FACTS: Ciriaco Tiongson and Aquilina Tiongson were the joint owners of five parcels of land located
in Bulacan. When Ciriaco died, Felix Bautista was appointed as the administrator of the estate of the
former where he instituted a partition of the estate of the deceased. However, the defendants in this case
alleged that there was only one plot of land held jointly by the spouses and the rest of the plots were
owned exclusively by the defendants. Defendants also averred that Bautista lacked the capacity to bring
the action for partition because the legal administration of the property of Ciriaco pertained to his
widow and the they prayed before the trial court that the appointment of administration of Bautista be
annulled.
ISSUE: Whether or not Bautista has the authority to institute an action for partition being an
administrator of the estate of Ciriaco Tiongson.

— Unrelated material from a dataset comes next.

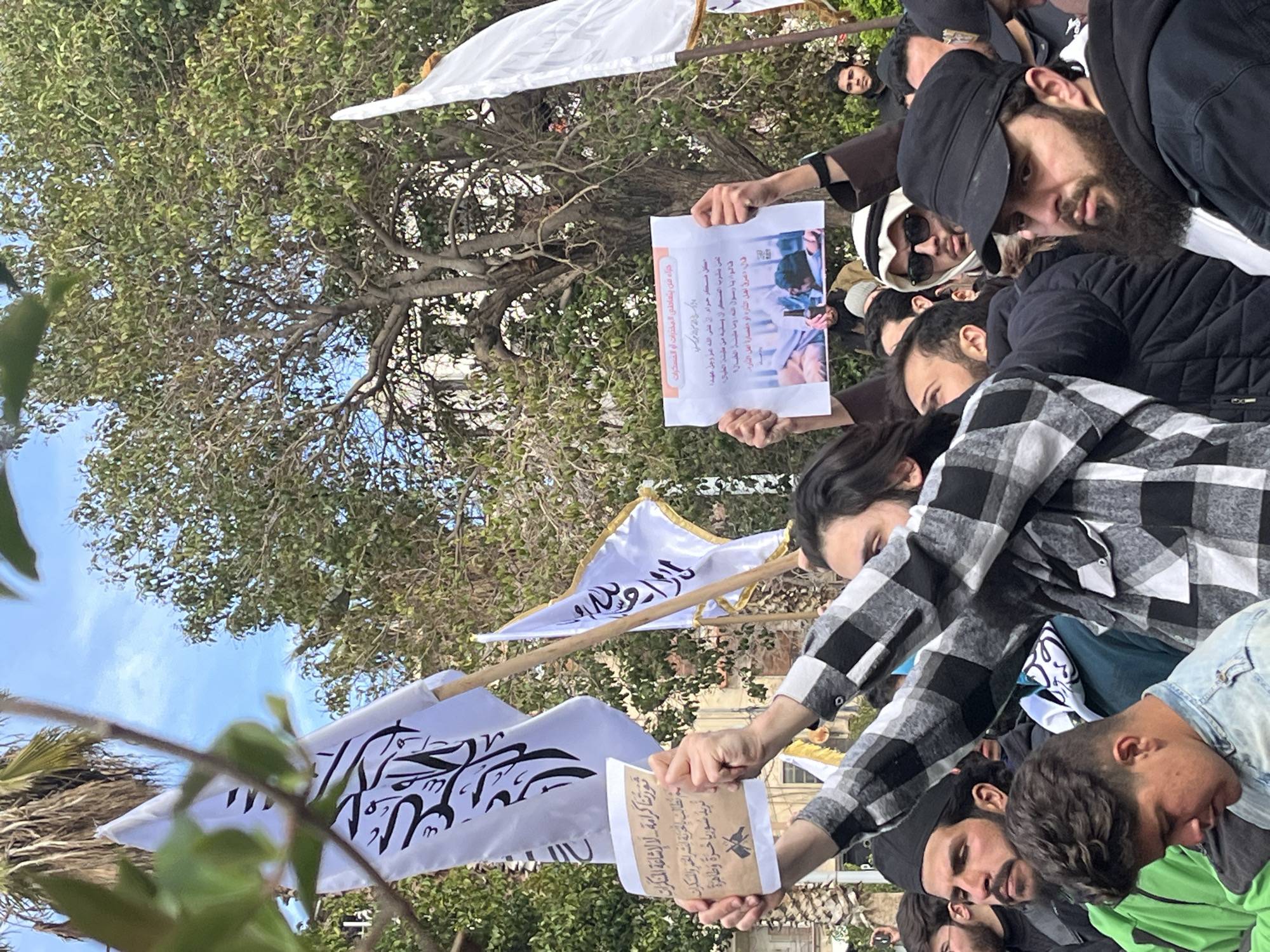 The image displays a daytime outdoor gathering of numerous men in As-Salihiya Municipality, Syria

RULING: No. The Supreme Court held that The proceedings instituted by Felix Bautista as
administrator of the intestate estate of Ciriaco Tiongson, wherein he asks for the partition of certain
lands which the said deceased and his sister, Aquilina Tiongson, inherited from their late father,
Emeterio Tiongson, and which they possessed pro indiviso, are governed by sections 181 to 196 of the
Code of Civil Procedure.

No provision of the said sections authorizes an administrator of the property of an intestate to bring an
action demanding the partition of real estate owned pro indiviso by the deceased, whose property he is
administering, and by another person.

In the above cited sections, the law refers to a coparcener, coheir, or other person interested in the
undivided property held, because any one of such persons is a real party concerned in the partition. In
cases like the present, where the property is held by a person, not as a coheir but as the exclusive
owner, the right of action for partition, which supposes joint ownership or community of property,
pertains only to the heirs of the late Ciriaco Tiongson, not to the administrator who, when claiming the
division of real estate not included in the inventory, or which he did not take charge of on commencing
to exercise office, but which is alleged to belong to the estate, is not authorized to represent the
intestate succession of the property administered by him; neither is he authorized to represent the heirs,
because the latter, as successors to the deceased, are the only parties who may maintain such an action
for partition of real estate held pro indiviso by coheirs or owners in common.